Allegedly Discussed US Nuclear Subs With a Foreign National After Leaving Office
Trump allegedly discussed potentially sensitive information regarding US nuclear submarines with a member of his Mar-a- Lago club, including an Australian billionaire named Anthony Pratt, who went on to share the information with “at least” 45 other people, according to an ABC News report from earlier this month. These people included more than a dozen foreign officials, several of his own employees, and a handful of journalists.
Prosecutors and FBI agents have twice this year interviewed Pratt, who runs Pratt Industries, one of the world’s largest packaging companies. Pratt confirmed that he was the one who brought up the American submarine fleet, which he said he and the former president had spoken about before.
According to Pratt’s account, as described by sources, he told Trump that Australia should start buying its submarines from the United States. In response, Trump told Pratt two pieces of information regarding US submarines: the supposed exact number of nuclear warheads they routinely carry, and exactly how close they supposedly can get to a Russian submarine without being detected.
Pratt apparently told investigators that he couldn’t tell whether the former president was being serious or not, and it’s unclear, also according to ABC News, whether the information Trump relayed was accurate.
Special Counsel Jack Smith did not include any details about this alleged 2021 conversation between the two men in his June indictment against the former president, but the information was relayed to his team as the information could shed light on Trump’s handling of other sensitive government information.
Made Objectionable Comments About Those Involved in His Prosecution
Trump also hasn’t slowed down on his name-calling or violent rhetoric against perceived political opponents.

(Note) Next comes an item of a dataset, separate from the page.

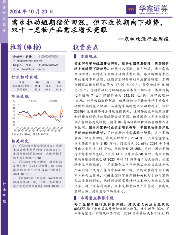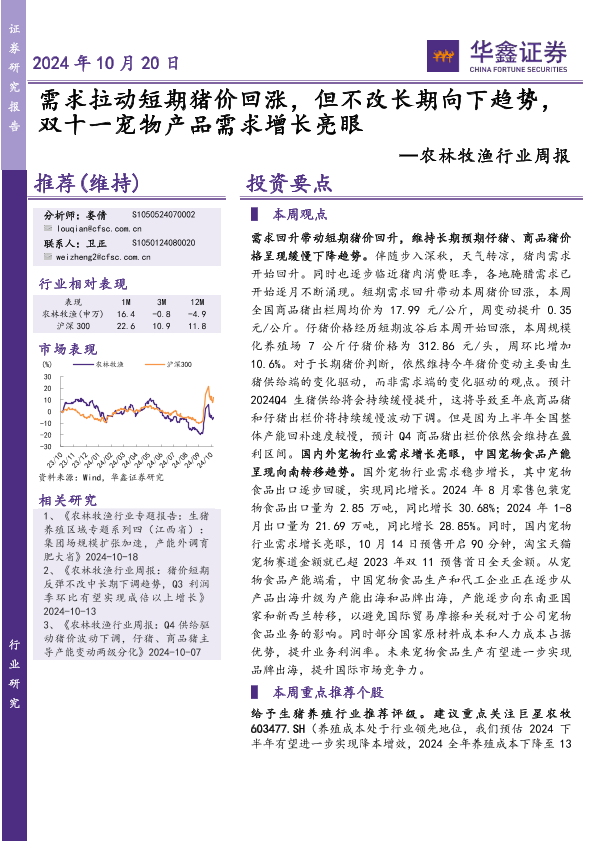 【华鑫证券】【20241020】20241020-华鑫证券-农林牧渔行业周报:需求拉动短期猪价回涨,但不改长期向下趋势,双十一宠物产品需求增长亮眼-16页
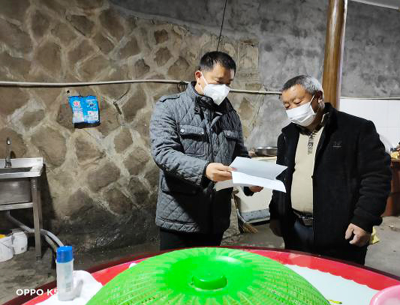 根據(jù)村實際和春節(jié)返鄉(xiāng)人員情況,張帆一方面帶隊深入到主村及兩個自然村一家一戶了解返鄉(xiāng)人員具體情況,另一方面逐戶摸排統(tǒng)計湖北返鄉(xiāng)人員、特別是武漢返鄉(xiāng)人員,確鑿掌握返鄉(xiāng)時間,詳細人員,與其他人員密切接觸等詳細信息。截至目前,150位村民都已挨家挨戶進行排查,并做好體溫測量工作,除外出返村人員86人外,未發(fā)現(xiàn)從湖北武漢和浙江溫州回家過年的村民或外來走親訪友人員。在村疫情防控卡點,張帆帶頭值班,對全村所有進出人員和過往車輛,逐一進行登記,對經(jīng)過人員進行測量體溫,體溫正常方可通過。除了日常工作以外,各工作小組還會不定時的給村民測量體溫,并在全村巷道噴灑消毒液。

He labeled New York Attorney General Letitia James, who’s suing the former president for fraudulently inflating his wealth and assets on financial records, a “racist” and a “monster” on his social media platform Truth Social.
Trump has also attacked Special Counsel Jack Smith, who is prosecuting Trump in both the Jan. 6 and classified documents cases. In the former, Trump is accused of mounting “a wide-ranging campaign to subvert Joe Biden’s victory in the presidential election.” In the latter, Trump is accused of illegally leaving the White House with classified information “regarding defense and weapons capabilities of both the United States and foreign countries; United States nuclear programs; potential vulnerabilities of the United States and its allies to military attacks; and plans for possible retaliation in response to a foreign attack.”
The former president has called Smith “deranged” and a “psycho” and said he “looks like a crackhead.”
While attending the first day of his civil fraud trial earlier this month, Trump attacked the judge who will determine the fate of his business empire: Manhattan Supreme Court Justice Arthur Engoron.
The former president called for the judge to be disbarred, thrown out of office, and criminally prosecuted; Engoron ruled that Trump committed fraud by inflating his wealth and assets on financial records.
Trump’s anger, both online and in court, has implications beyond his own court cases and public opinion. The federal prosecutors overseeing the indictment of Trump in the Jan. 6 case, for example, asked a judge in August to impose a protective order over the discovery evidence in the case. They cited a threatening message that the former president had posted on social media.
“IF YOU GO AFTER ME, I’M COMING AFTER YOU!” Trump wrote on Truth Social.
On Monday, the judge in Trump’s case related to his efforts to overturn the 2020 election issued a limited gag order on Trump, legally barring him from verbally attacking Smith or his team, witnesses, or court staff involved in the case. Judge Tanya Chutkan said she would assess any “sanctions” for Trump if and when he violates the order.